The downfall of the modernisation was that it only focused on cosmetic language changes that have proven ineffective in practice and kept structural reforms out of the negotiations entirely.
Critical changes such as removing the controversial ISDS mechanism, addressing the issue of excessive compensations, imposing obligations on investors, or cancelling the sunset clause which prolongs the treaty’s existence for a period of 20 years after a party decides to leave it, were in fact never on the table.
As a result, ECT parties will continue to be at risk of litigation if they adopt climate policy measures. And as we’ve seen recently, with Italy forced to pay €250m in compensation to UK oil company Rockhopper over a ban on oil drilling near its shores, there’s a lot at stake.
The modernised ECT therefore still has the potential to interfere with the objectives of the European Green Deal and the EU’s international emission reduction commitments.
ECT members have agreed that EU investors will not be able to use the treaty to claim against EU countries under the new agreement, a practice judged illegal by the European Court of Justice, the EU’s top court.
Whether this will prove effective in practice remains uncertain. Arbitral tribunals have a history of ignoring the authority of EU judgments. But these judicial and political developments send a very clear message: there is no place for investor state disputes in the EU. And the rationale behind that – that ISDS undermines the rule of law – could expand to non-EU jurisdictions too.
Although an agreement has been reached in principle between ECT members on the reforms, considerable hurdles remain before the new treaty kicks into action.
The Commission faces an uphill struggle in securing support of both the Council and the European Parliament.

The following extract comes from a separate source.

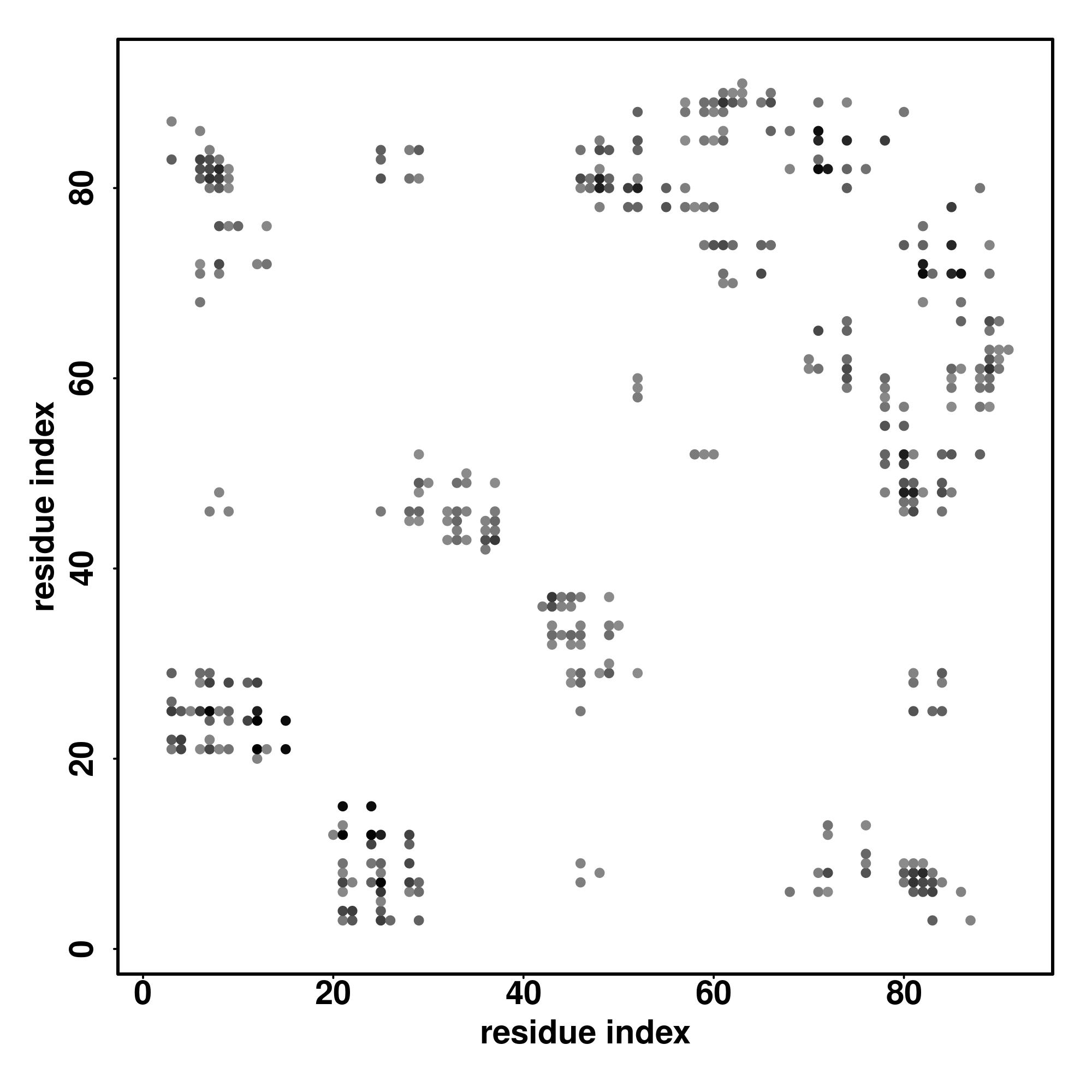 For the contact map, each dot represents a residue pair with predicted contact,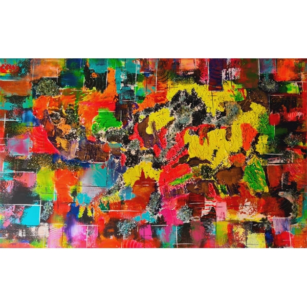 La obra está realizada con pinturas acrílicas,gesso y cristales brillantes.

Poland has initiated the move to exit the treaty. Italy already left in 2016. In 2022, Spain, France and the Netherlands all announced their intention to leave the treaty - making member states' buy-in all the more difficult.
The new ECT also clearly does not meet the standards set by the European Parliament in its resolution on the future of EU international investment policy that was passed last June.
At ECT level, the agreement is still subject to a unanimous decision of all ECT members present that was set to take place in November but has now been postponed to April 2023.
Any ECT member may therefore decide to veto the new agreement, which would thwart the modernisation at the last minute. And even if adopted, the new ECT will only enter into force once a majority of the ECT members have ratified it and only among those that ratify.
Ultimately, it’s going to be a long game, for little reward. There is no conclusive evidence the ECT in its modernised version would benefit the energy transition in any way, yet the costs for climate action are real.
The only viable answer is for the EU and its member states to leave, together with the UK, and use its leverage to develop solutions to remove the legal effects for the sunset clause, among themselves and with other parties.
Every delay to climate action costs. This is the only way to bring an immediate end to fossil fuel protection among all states that withdraw, and finally end the ECT’s chilling effect on the EU’s climate progress.
Given the momentum now building in the EU, the Commission now has the opportunity to encourage other ECT members, such as the UK, to neutralise the sunset clause and agree to end fossil fuel investment protection in their states for good.